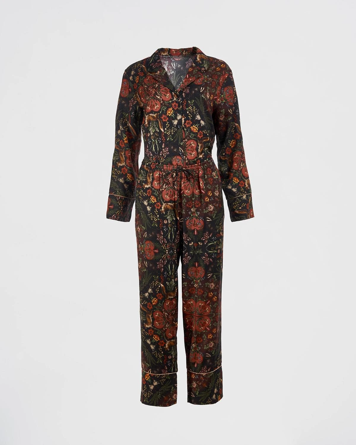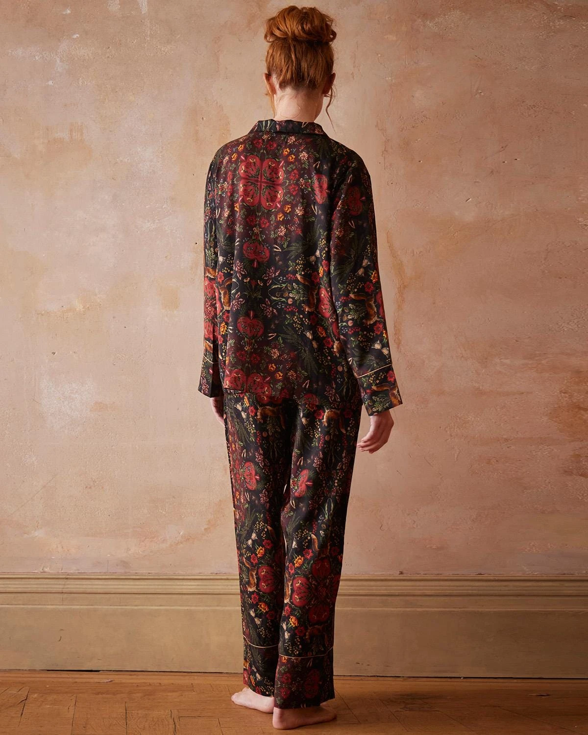 Slip into our Folksy Fox Pyjama Set, printed with a classic tale of nature for dreamy inspiration that will add a touch of whimsical luxury to your fairytale slumber. Sharp tailoring, finished with French seams and gold trims, is carefully crafted from Lyocell, a sustainable fabric made from wood pulp that is kind to sensitive skin. Lyocell’s breathable fibres will keep you cool and naturally comfortable for the sweetest of dreams. Also perfect for lazy days on the sofa, match with the coordinating kimono for a refined, relaxed loungewear edit.
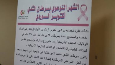 مروي:نضال عثمان احتفلت مدينة مروي الطبية بالشهر التوعوية لداء سرطان الثدي (اكتوبر الوردي )اليوم (الثلاثاء). وأعلن مدير مدينة مروي الطبية…
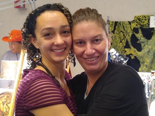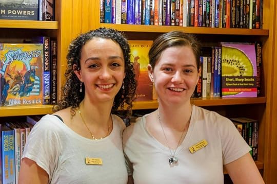 Carrie and me standing in front books by former WOTF winners. We’ll be in there someday!Carrie and I had been in touch via facebook messages for a few months. She’d graciously pointed me in several helpful directions for my website redesign. (You can see Carrie’s lovely author website here.) I had a good feeling about her. It turned out to be exactly correct. Not only is she smart, she’s also kind and in possession of a great sense of humor. And she lent me a pair of pajamas after I forgot to pack mine. True story. She is honestly one of my highlights of my Writers of the Future week.

> WORK REQUEST
Set down exactly, from the line that contains "مروي:نضال عثمان احتفلت" through the last line of the data, each line as it stands, and leave the pictures out.

> THE ANSWER
 مروي:نضال عثمان احتفلت مدينة مروي الطبية بالشهر التوعوية لداء سرطان الثدي (اكتوبر الوردي )اليوم (الثلاثاء). وأعلن مدير مدينة مروي الطبية…
 Carrie and me standing in front books by former WOTF winners. We’ll be in there someday!Carrie and I had been in touch via facebook messages for a few months. She’d graciously pointed me in several helpful directions for my website redesign. (You can see Carrie’s lovely author website here.) I had a good feeling about her. It turned out to be exactly correct. Not only is she smart, she’s also kind and in possession of a great sense of humor. And she lent me a pair of pajamas after I forgot to pack mine. True story. She is honestly one of my highlights of my Writers of the Future week.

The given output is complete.